Alanis Morissette singles chronology
| "21 Things I Want in a Lover" (2002) | "Surrendering" (2002) | "Everything" (2004) |

= Surrendering (song) =

"Surrendering" is a song written by Alanis Morissette, and produced by her for her fifth album, Under Rug Swept (2002).

The song was the last Morissette wrote for the album. According to her, it is "about the gratitude that I feel for someone tapping into the courage that it takes to allow themselves to be loved and to ... listen to [their fears] and still move through them. And how thrilling it is for me to be able to be let in in that kind of way.

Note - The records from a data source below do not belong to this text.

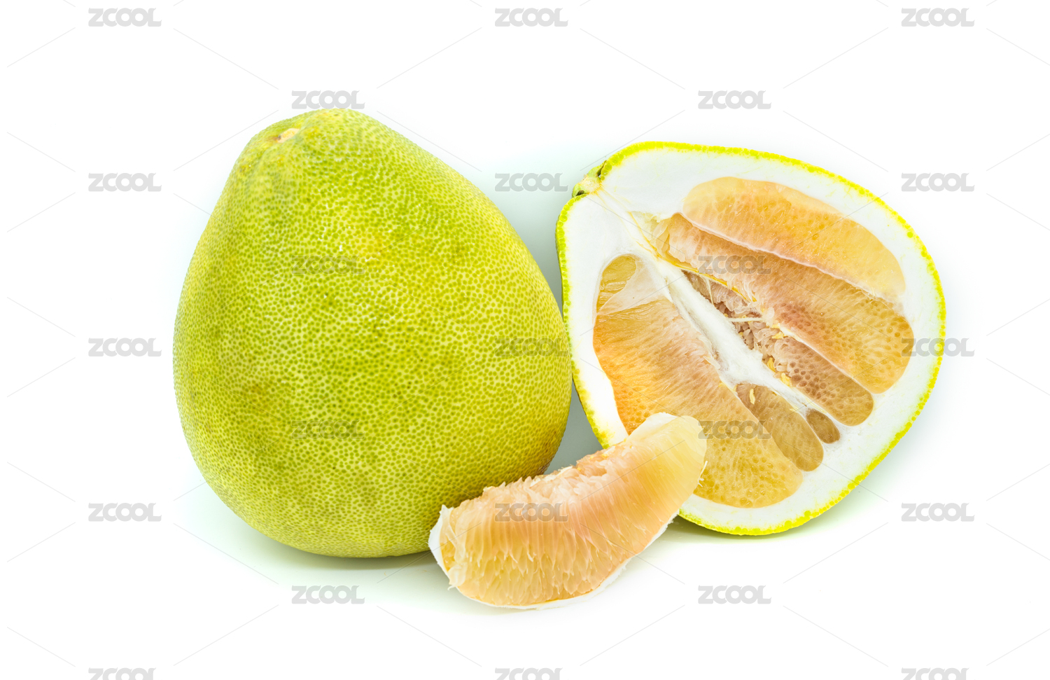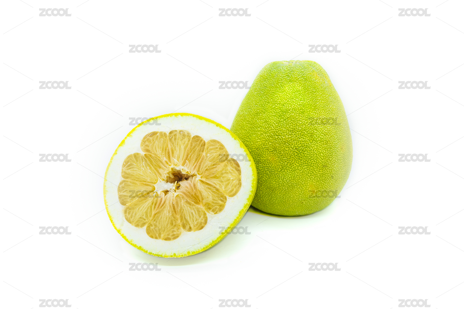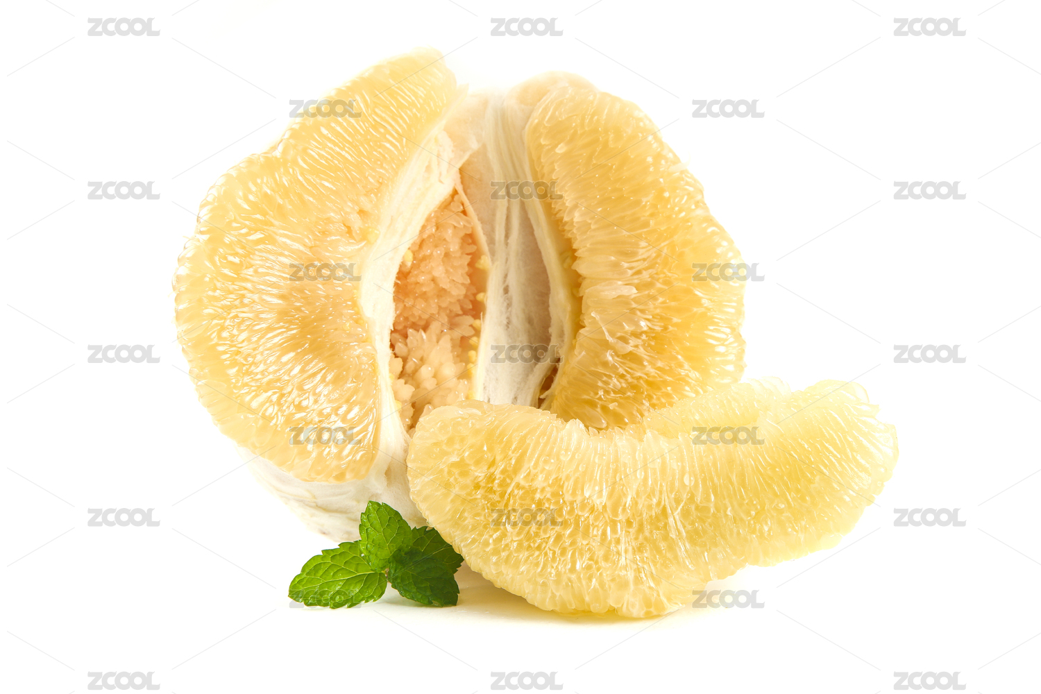 白色背景对半切开的台湾特产麻豆文旦柚子
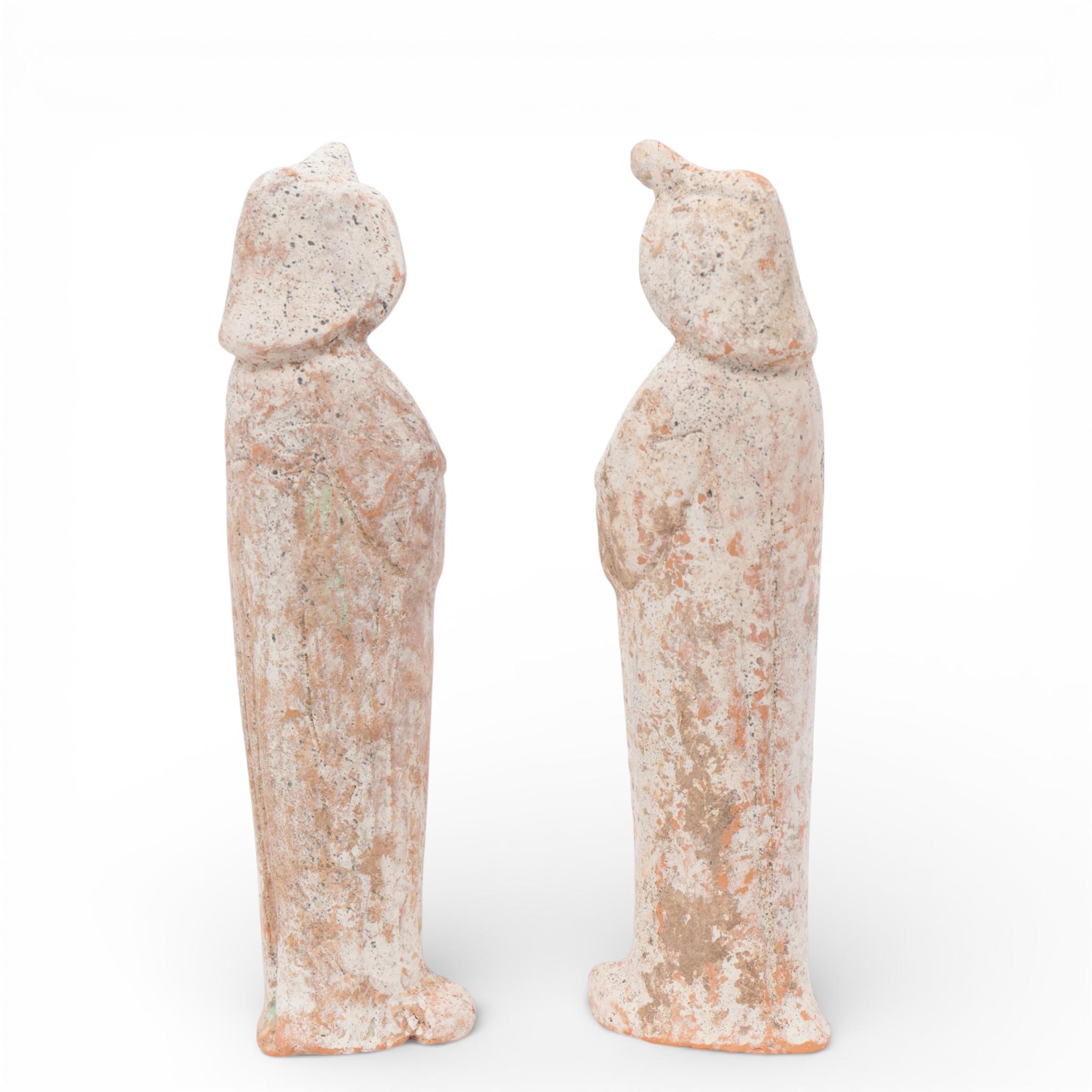 each modelled standing with their hands clasped in front of their chest and wearing long robes and headdress, with traces of pigments (wear and small losses as expected)
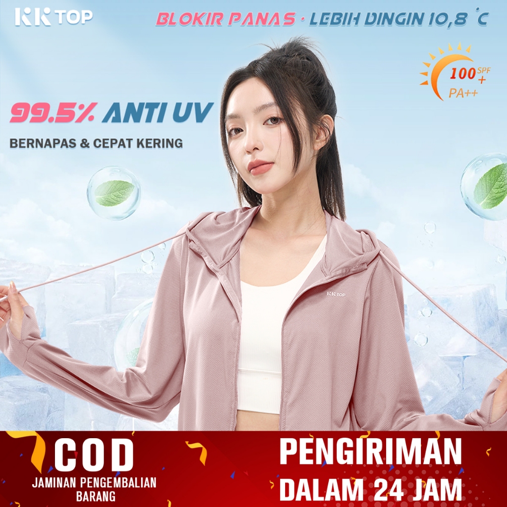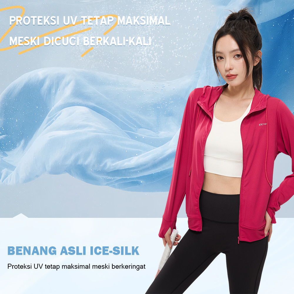 KKTOP JAKET ANTI UV - WANITA MESH HOODIE KORDAS, RITSLETING PENUH (J010)
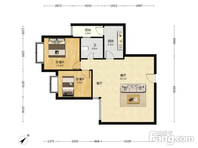 都铎城邦1号院 3室2厅 89平
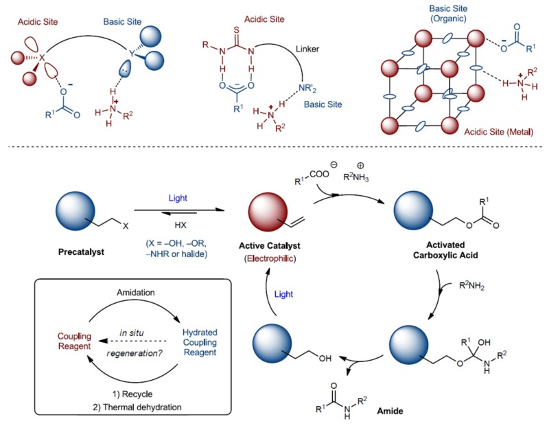 Nature Catalysis近日刊登了化学化工学院王晓课题组题为“Challenges and Outlook for Catalytic Direct Amidation Reactions”的长篇前瞻性文章(Comment)(Nature Catalysis 2019, 2, 98-102; https://www.nature.com/articles/s41929-018-0215-1)。王晓副教授为文章通讯作者,以先导实验为基础,创造性地首次提出了七类可能的解决途径,包括十余种具体方案,期待为未来该领域实现突破指明方向。文中提出的新方案包括:两性硼酸酯类FLP催化剂、仿生MOF催化剂、硫脲-胺催化剂、可见光促进再生的偶联试剂、以脂为中间体的策略、氨基酸的CO2捕捉-NCA策略、催化固相多肽合成、连续流动催化酰胺化等。
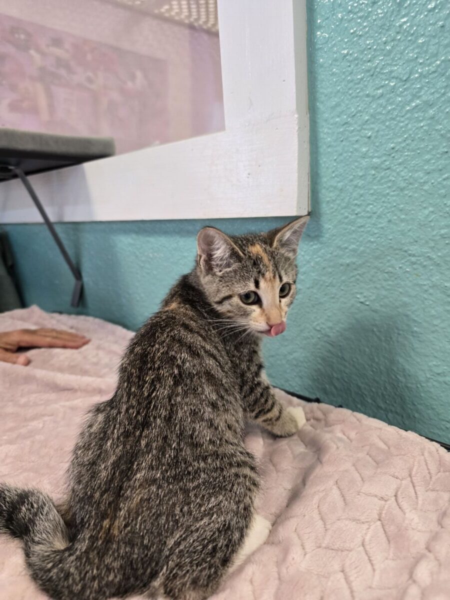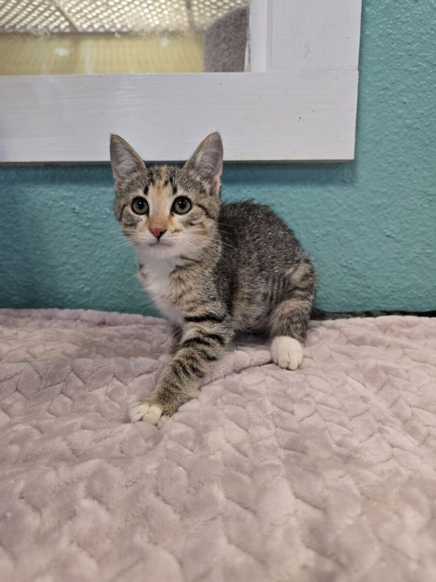 **Squirt** is a pint-sized patched tabby with a heart full of sunshine and one irresistible orange kiss right on her forehead ๐Ÿ’›. This tiny lovebug is all cuddles, purrs, and playful wiggles. Whether sheโ€™s chasing shadows or curling up for a nap in your lap, Squirt brings joy in the smallest, sweetest package. Stop in to ome meet this darling girl and let her sprinkle your life with love!

And how healing it is ultimately for both the person I'm singing about and myself." She has described it as "a very peaceful, joyful song". The subject of "Surrendering" is a man Morissette was dating as of March 2002.

==Release and reception==
Entertainment Weekly cited the line "I embrace you for your faith in the face of adversarial forces that I represent" as an example of "some of the clumsiest lyrics to be heard on a pop record in years ... [it] may be an appropriate assessment of a relationship, but it's not a chorus." The Village Voice named it the best song on Under Rug Swept, saying it shows Morissette's "gift for the all-time pop melody". NME wrote that "Surrendering" and "Hands Clean", another track on the album, were "overwrought folk-rock [that is] destined for a thousand
organic juice bars."

"Surrendering" was released to radio as the album's third single in Canada in September 2002 (see 2002 in music). By March 2003 it had reached the top ten on the playlists of radio stations such as Mix 96 and Énergie. No music video was released.